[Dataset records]
--- --- ---
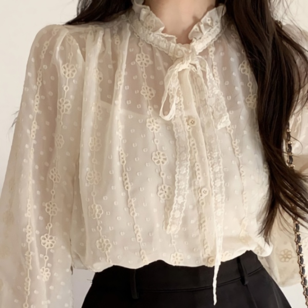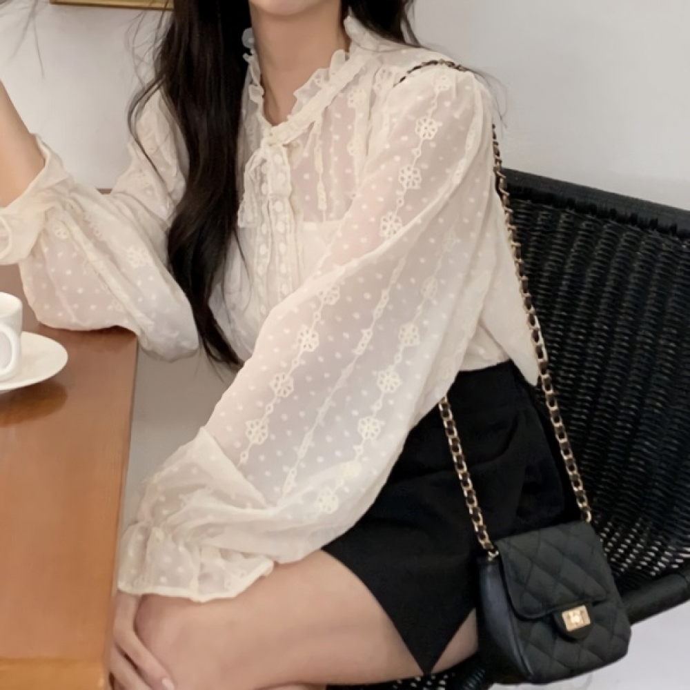 여성 봄 여름 핀턱 프릴 캉캉 블라우스
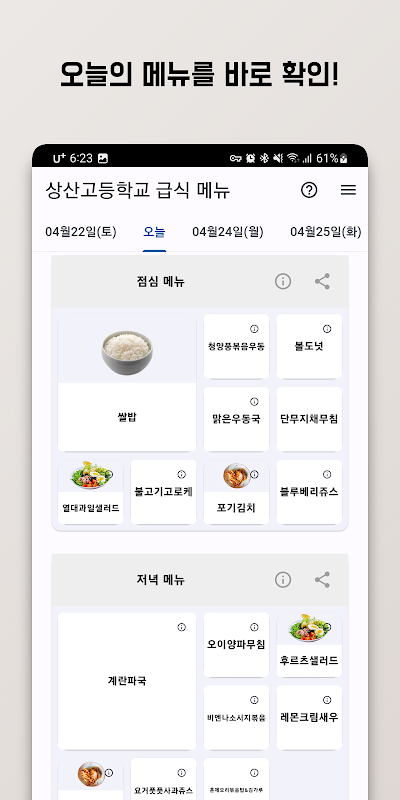 Oude versies van 띵 급식 알리미 - 초등,중,고등학교 급식 실시간 제공
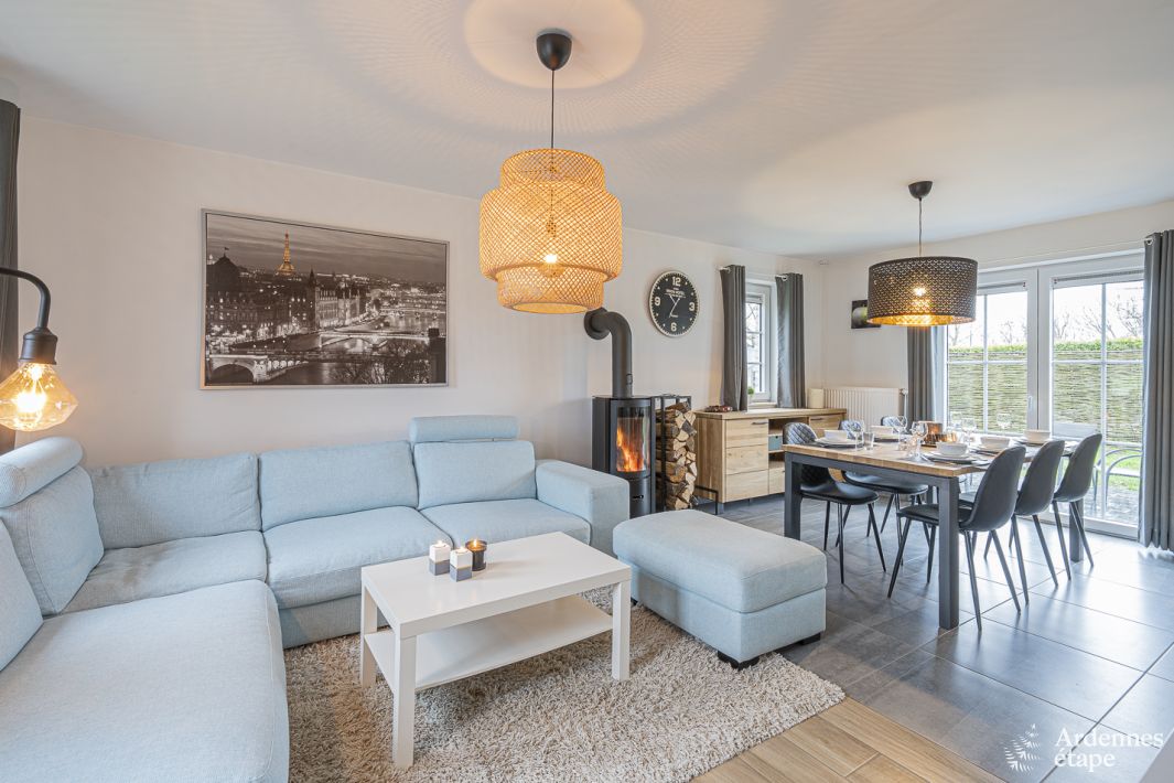 Entscheiden Sie sich mit diesemhellen und reizvollen Ferienhaus in Bièvre für eine attraktive und sehr funktionsorientierte Unterkunft für 6 Personen. Hier wird sich die gesamte Familie willkommen fühlen, denn auch Ihr treuer vierbeiniger Freund darf mit Ihnen die Ruhe und die Natur der Ardennen genießen! Da es über ein separates Spielzimmer, eine Tischtennisplatte, einen Tischkicker und alles verfügt, was (Groß-)Eltern, die mit einem Baby reisen benötigen - darunter ein Reisebett, ein Hochstuhl und eine Wickelauflage - ist es wirklich das ideale Ferienhaus für einen entspannten Familienurlaub. Nehmen Sie sich Zeit für ein ausgedehntes gemeinsames Frühstück, genießen Sie vom Whirlpool aus den entspannenden Blick auf die umliegenden Wiesen, während die Kinder und der Hund im Garten toben, und organisieren Sie einen netten Spieleabend am Kamin. Ist es nicht der Gipfel des Luxus, Zeit seinen Lieblingsmenschen zu verbringen?
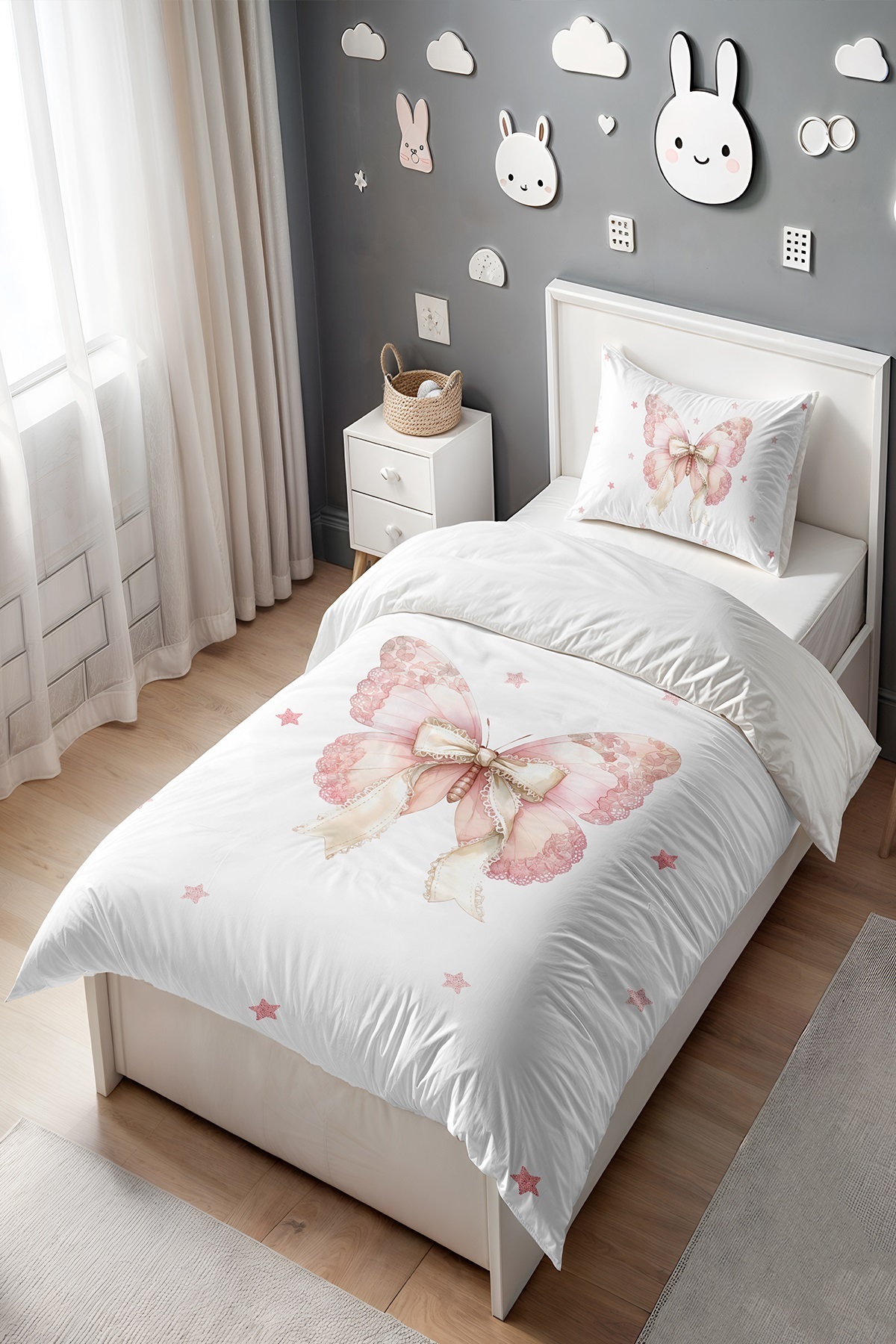 Yıldızlı Fiyonk Detaylı Kelebek Desenli Tek Kişilik Bebek Çocuk Nevresim Seti Yıldızlı Fiyonk Detaylı Kelebek Desenli Tek Kişilik Bebek Çocuk Nevresim Seti evnev00912 تک سایز
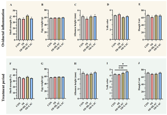 As shown in Figure 2, there were no significant differences among the groups in terms of the shell strength, egg weight, albumen height, yolk color, or Haugh unit during the oviductal inflammation period (p > 0.05) (Figure 2A–E). During the treatment period, the yolk color of the OI + LAC group was higher (p < 0.01) than that of the OI group during the treatment period (Figure 2I). In addition, the yolk color of the LAC group was higher than that of the control (p = 0.05) (Figure 2I). However, no significant differences were observed in terms of the shell strength, egg weight, albumen height, and Haugh unit (p > 0.05) (Figure 2F–H,J).
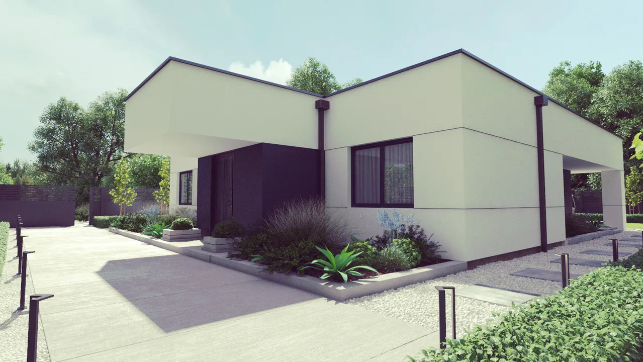 Дом представляет собой современное архитектурное решение, отличающееся минималистичным дизайном и четкими линиями. Отсутствие лишних декоративных элементов подчеркивает функциональность и чистоту форм.
--- --- ---
Copy each of the entries above precisely, and drop whatever pictures they hold.

 여성 봄 여름 핀턱 프릴 캉캉 블라우스
 Oude versies van 띵 급식 알리미 - 초등,중,고등학교 급식 실시간 제공
 Entscheiden Sie sich mit diesemhellen und reizvollen Ferienhaus in Bièvre für eine attraktive und sehr funktionsorientierte Unterkunft für 6 Personen. Hier wird sich die gesamte Familie willkommen fühlen, denn auch Ihr treuer vierbeiniger Freund darf mit Ihnen die Ruhe und die Natur der Ardennen genießen! Da es über ein separates Spielzimmer, eine Tischtennisplatte, einen Tischkicker und alles verfügt, was (Groß-)Eltern, die mit einem Baby reisen benötigen - darunter ein Reisebett, ein Hochstuhl und eine Wickelauflage - ist es wirklich das ideale Ferienhaus für einen entspannten Familienurlaub. Nehmen Sie sich Zeit für ein ausgedehntes gemeinsames Frühstück, genießen Sie vom Whirlpool aus den entspannenden Blick auf die umliegenden Wiesen, während die Kinder und der Hund im Garten toben, und organisieren Sie einen netten Spieleabend am Kamin. Ist es nicht der Gipfel des Luxus, Zeit seinen Lieblingsmenschen zu verbringen?
 Yıldızlı Fiyonk Detaylı Kelebek Desenli Tek Kişilik Bebek Çocuk Nevresim Seti Yıldızlı Fiyonk Detaylı Kelebek Desenli Tek Kişilik Bebek Çocuk Nevresim Seti evnev00912 تک سایز
 As shown in Figure 2, there were no significant differences among the groups in terms of the shell strength, egg weight, albumen height, yolk color, or Haugh unit during the oviductal inflammation period (p > 0.05) (Figure 2A–E). During the treatment period, the yolk color of the OI + LAC group was higher (p < 0.01) than that of the OI group during the treatment period (Figure 2I). In addition, the yolk color of the LAC group was higher than that of the control (p = 0.05) (Figure 2I). However, no significant differences were observed in terms of the shell strength, egg weight, albumen height, and Haugh unit (p > 0.05) (Figure 2F–H,J).
 Дом представляет собой современное архитектурное решение, отличающееся минималистичным дизайном и четкими линиями. Отсутствие лишних декоративных элементов подчеркивает функциональность и чистоту форм.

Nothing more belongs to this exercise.